» **TASK TO CARRY OUT**:
Word for word, repeat the entries, minus the pictures.

[DATA FOR THIS TASK]

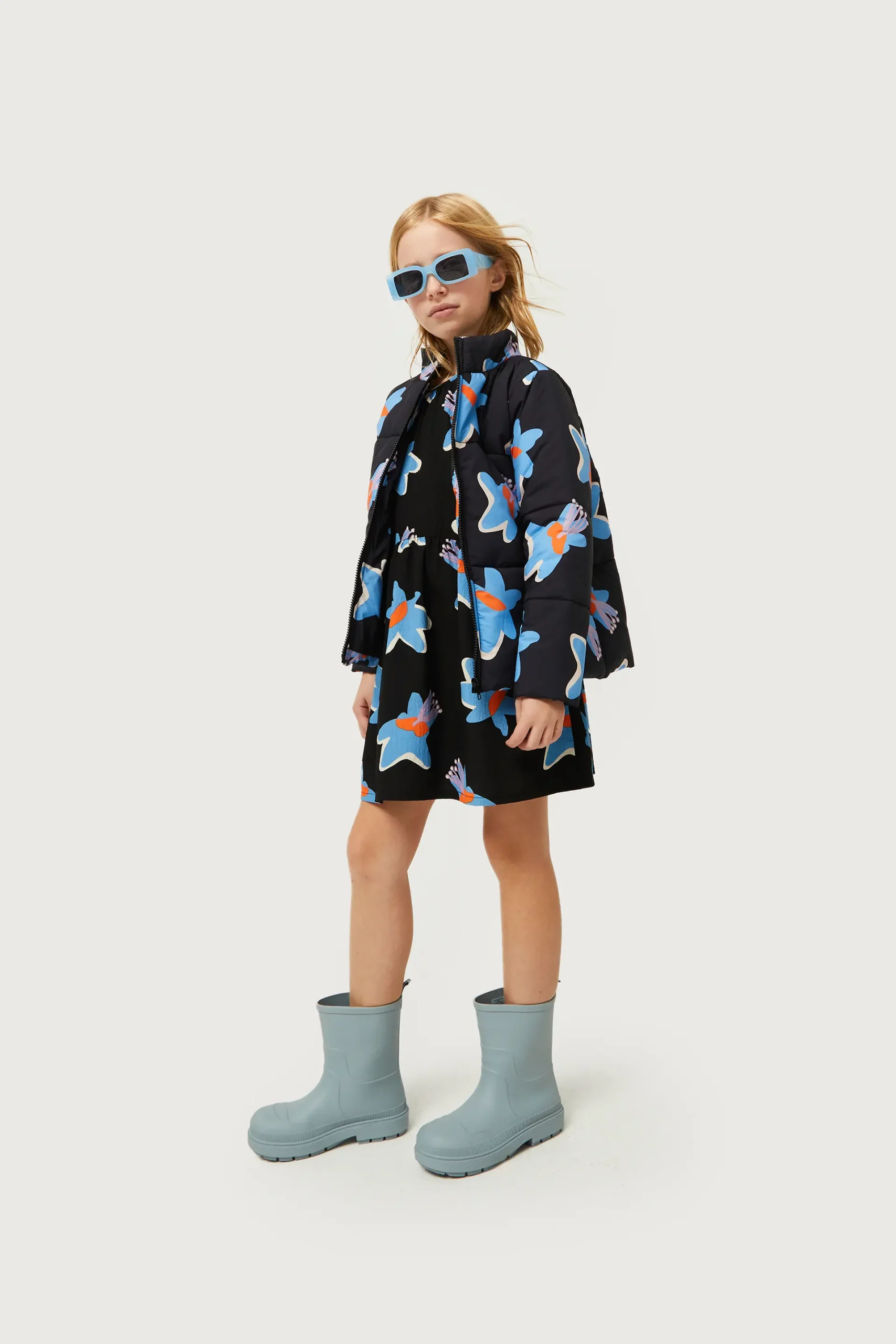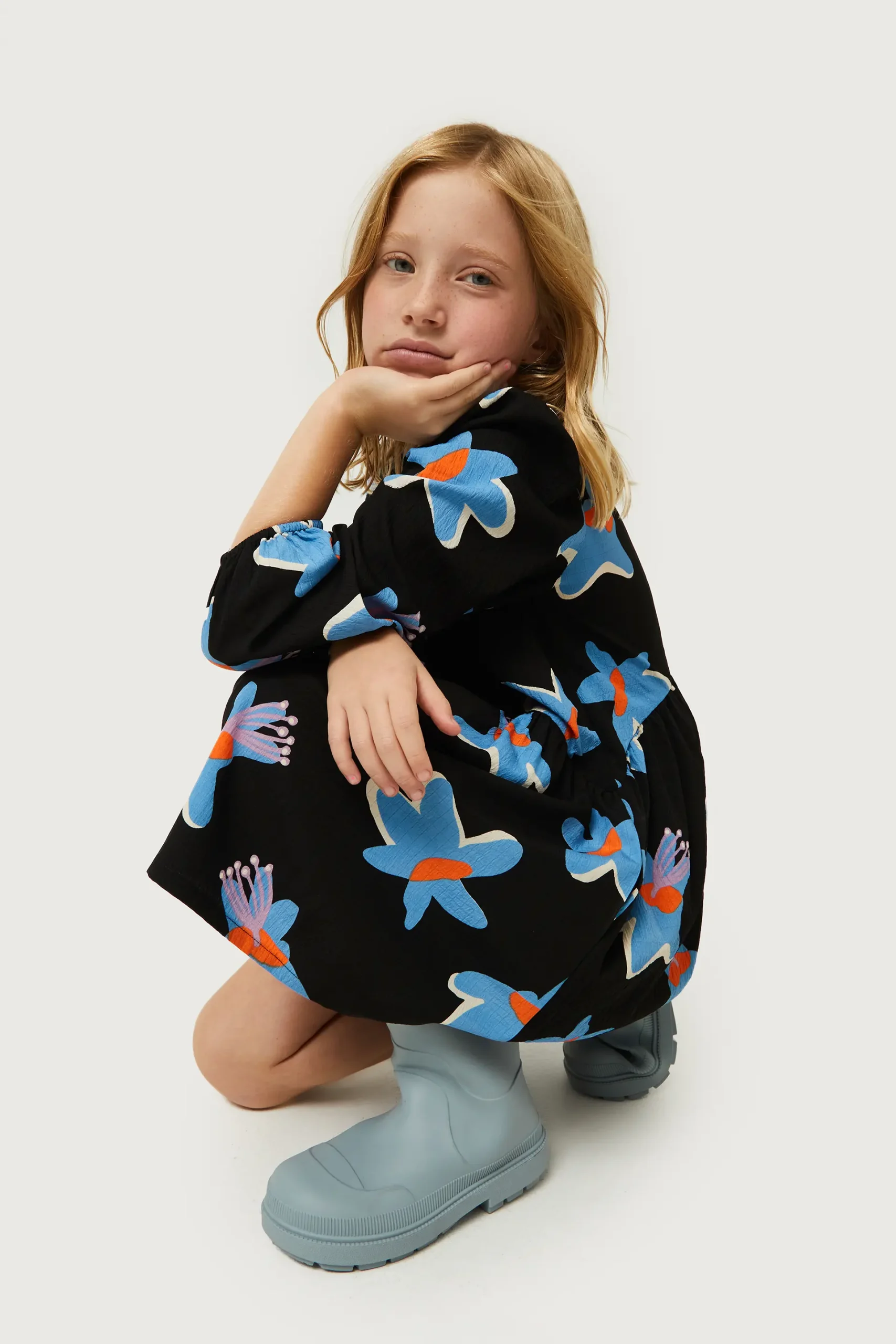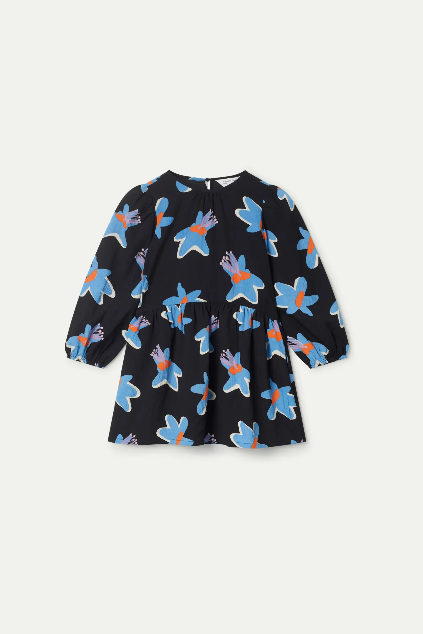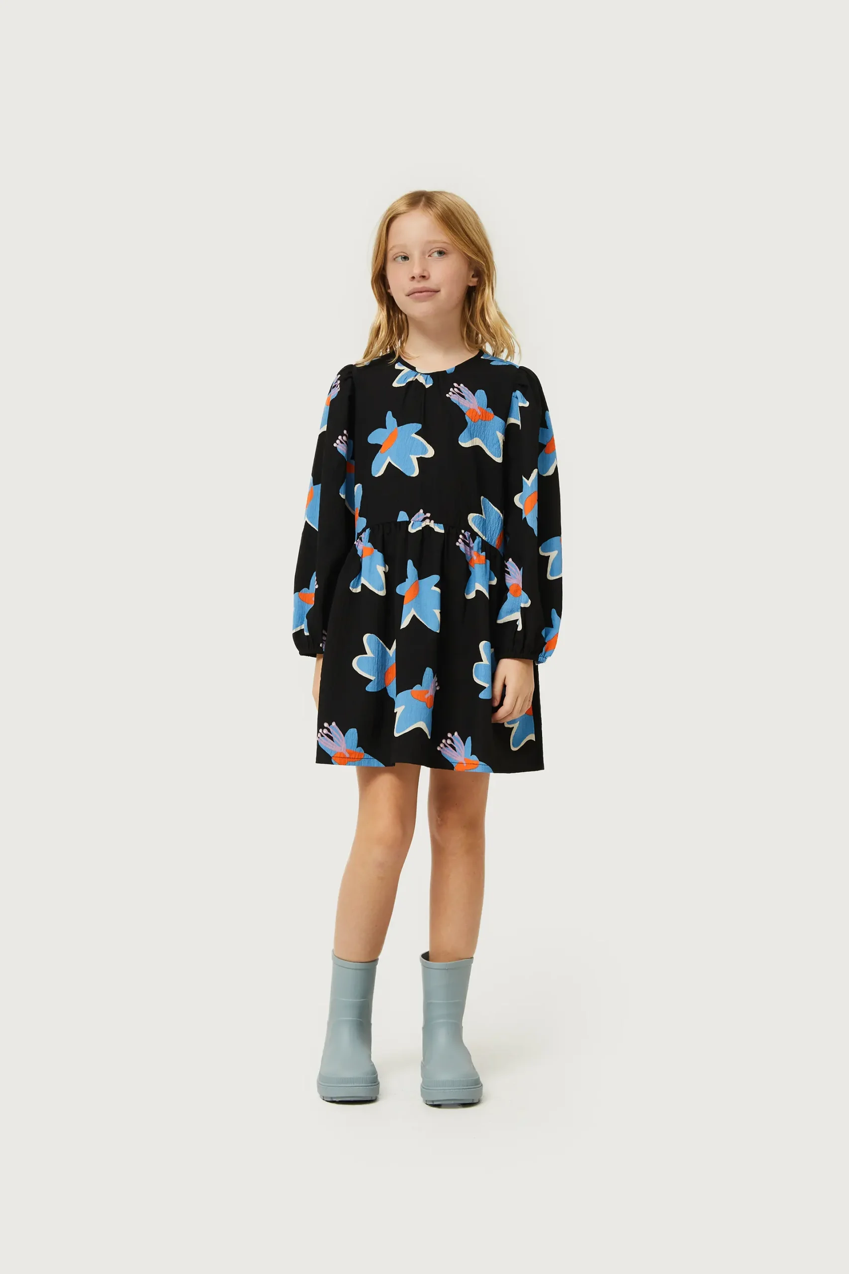 Vestido corto de niña en crepé de color negro con estampado de flores azules y amarillas. Con cuello redondo y manga larga. Modelo con corte en la cintura. Forro interior. La modelo mide 137 cm y lleva la talla 8.
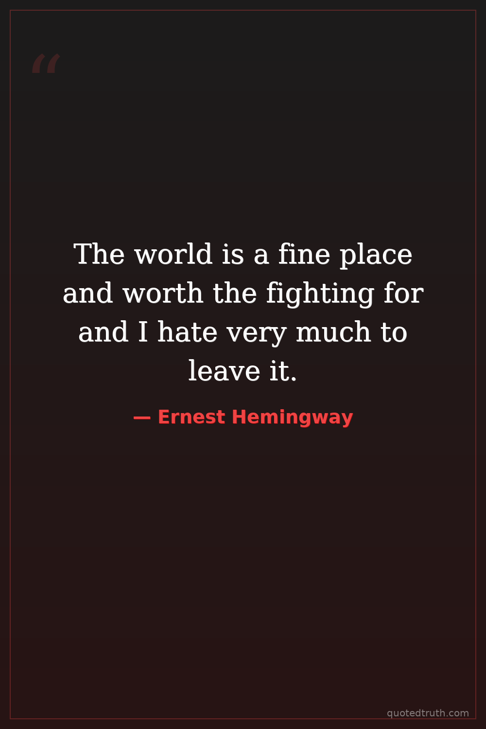 The world is a fine place and worth the fighting for and I hate very much to leave it.
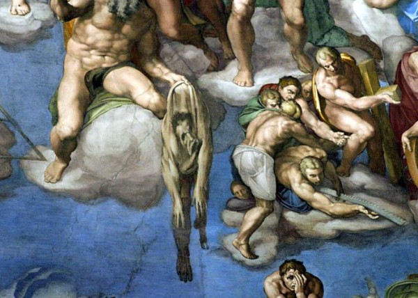 Цензура того времени смогла оценить лишь то, что фреска чересчур откровенна. От Микеланджело потребовали изменения картины. Следовали прикрыть чресла набедренными повязками и фиговыми листками. Эту работу пришлось выполнить Даниеле да Вольтеру, который получил за свою работу прозвище Порточник. Позднее некоторые фрески были возвращены к своему первоначальному виду.
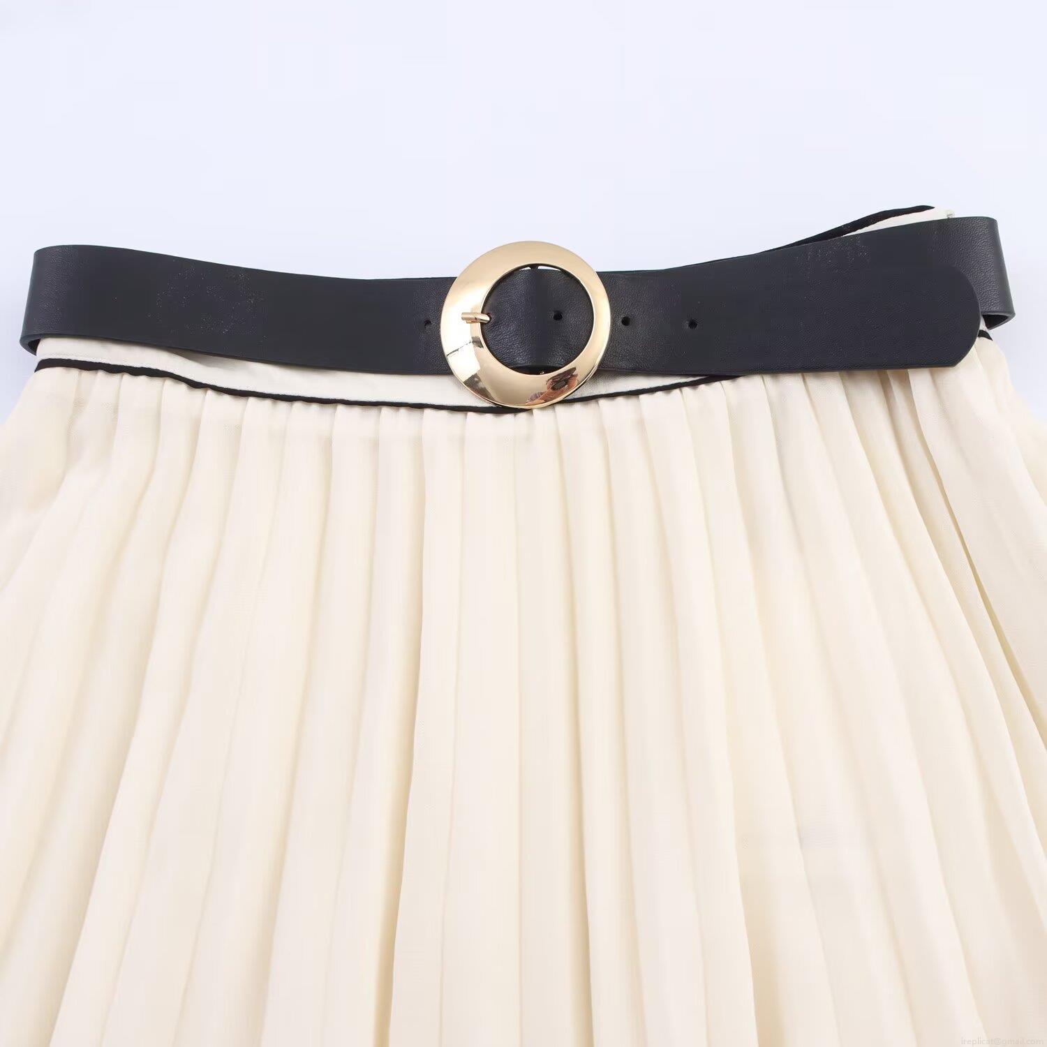 Women Elegant Off-White Chiffon Pleated Two-Piece Set Sleeveless V-Neck Top And Mid-Length Skirt With Black Belt Summer Commuter Solid Color Outfit
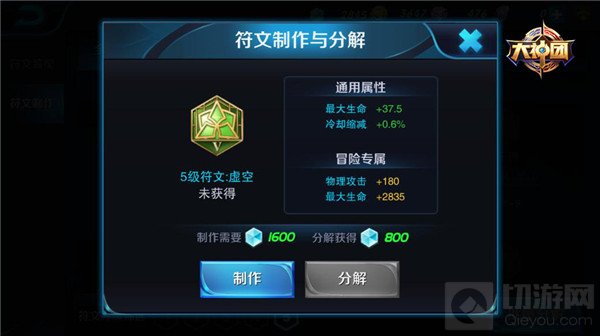 绿色符文槽:【虚空】最大生命值+37.5,冷却缩短+0.6%。
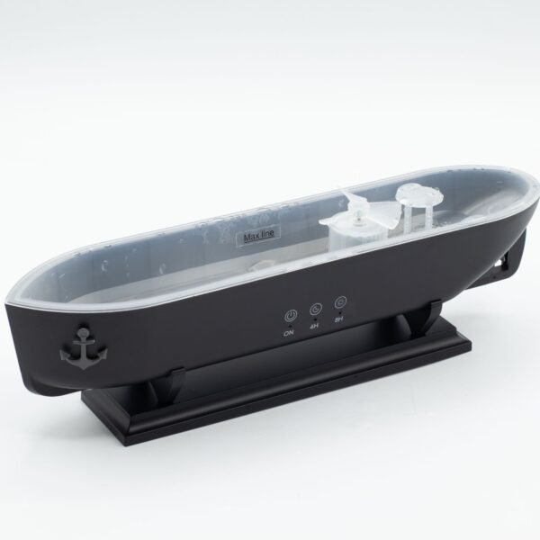 Un difusor decorativo de aroma diseñado en forma de un barco clásico, que presenta un suave efecto de niebla que se eleva desde las chimeneas para crear una exhibición tranquila y atmosférica mientras perfuma suavemente la habitación.
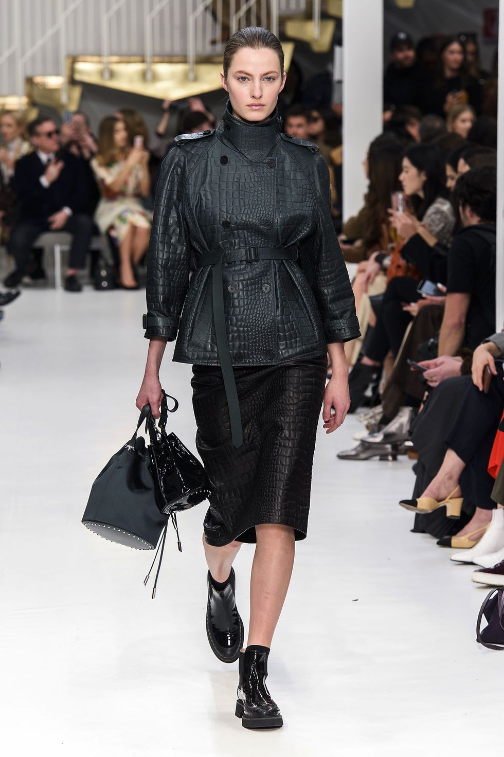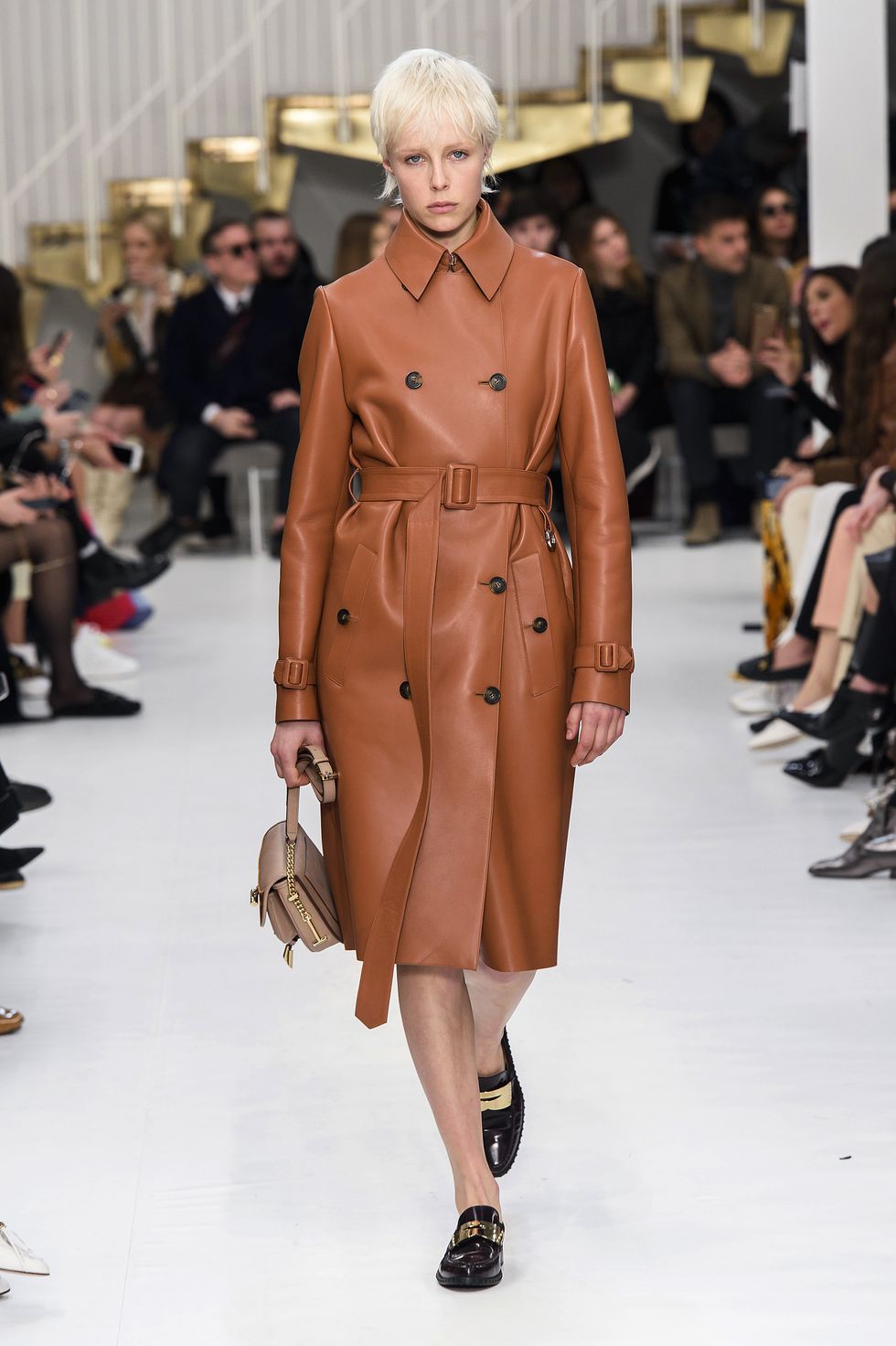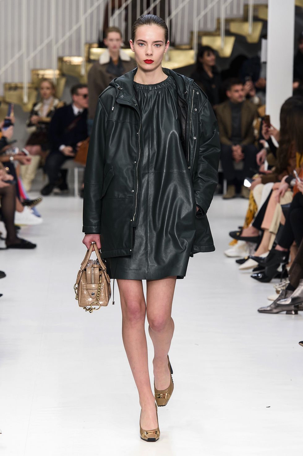 Another trend we've spotted far and wide has been emerald green. And Tod's delivered it in lush leather coats, skirts and dresses plus sporty puffers and slick leather trousers.
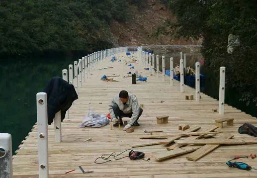 报道称,为了保证小汽车安全行驶并能达到随车产生优美水浪弧线的效果,旗华公司通过大量深入实验、对比不同性能的材料,最终选用结构强度高、柔韧性强、耐久性强的进口南方松防腐木材作为浮桥表面铺装和龙骨的基础材料。“事实证明,选择这一材料所建造的浮桥达到了预期效果。在大峡谷中的浮桥上开车、步行体验绝佳,浮桥一经推出立即火爆国内外网络平台,很多游客慕名而来。”

[/DATA FOR THIS TASK]

» **EXPECTED OUTPUT**:
 Vestido corto de niña en crepé de color negro con estampado de flores azules y amarillas. Con cuello redondo y manga larga. Modelo con corte en la cintura. Forro interior. La modelo mide 137 cm y lleva la talla 8.
 The world is a fine place and worth the fighting for and I hate very much to leave it.
 Цензура того времени смогла оценить лишь то, что фреска чересчур откровенна. От Микеланджело потребовали изменения картины. Следовали прикрыть чресла набедренными повязками и фиговыми листками. Эту работу пришлось выполнить Даниеле да Вольтеру, который получил за свою работу прозвище Порточник. Позднее некоторые фрески были возвращены к своему первоначальному виду.
 Women Elegant Off-White Chiffon Pleated Two-Piece Set Sleeveless V-Neck Top And Mid-Length Skirt With Black Belt Summer Commuter Solid Color Outfit
 绿色符文槽:【虚空】最大生命值+37.5,冷却缩短+0.6%。
 Un difusor decorativo de aroma diseñado en forma de un barco clásico, que presenta un suave efecto de niebla que se eleva desde las chimeneas para crear una exhibición tranquila y atmosférica mientras perfuma suavemente la habitación.
 Another trend we've spotted far and wide has been emerald green. And Tod's delivered it in lush leather coats, skirts and dresses plus sporty puffers and slick leather trousers.
 报道称,为了保证小汽车安全行驶并能达到随车产生优美水浪弧线的效果,旗华公司通过大量深入实验、对比不同性能的材料,最终选用结构强度高、柔韧性强、耐久性强的进口南方松防腐木材作为浮桥表面铺装和龙骨的基础材料。“事实证明,选择这一材料所建造的浮桥达到了预期效果。在大峡谷中的浮桥上开车、步行体验绝佳,浮桥一经推出立即火爆国内外网络平台,很多游客慕名而来。”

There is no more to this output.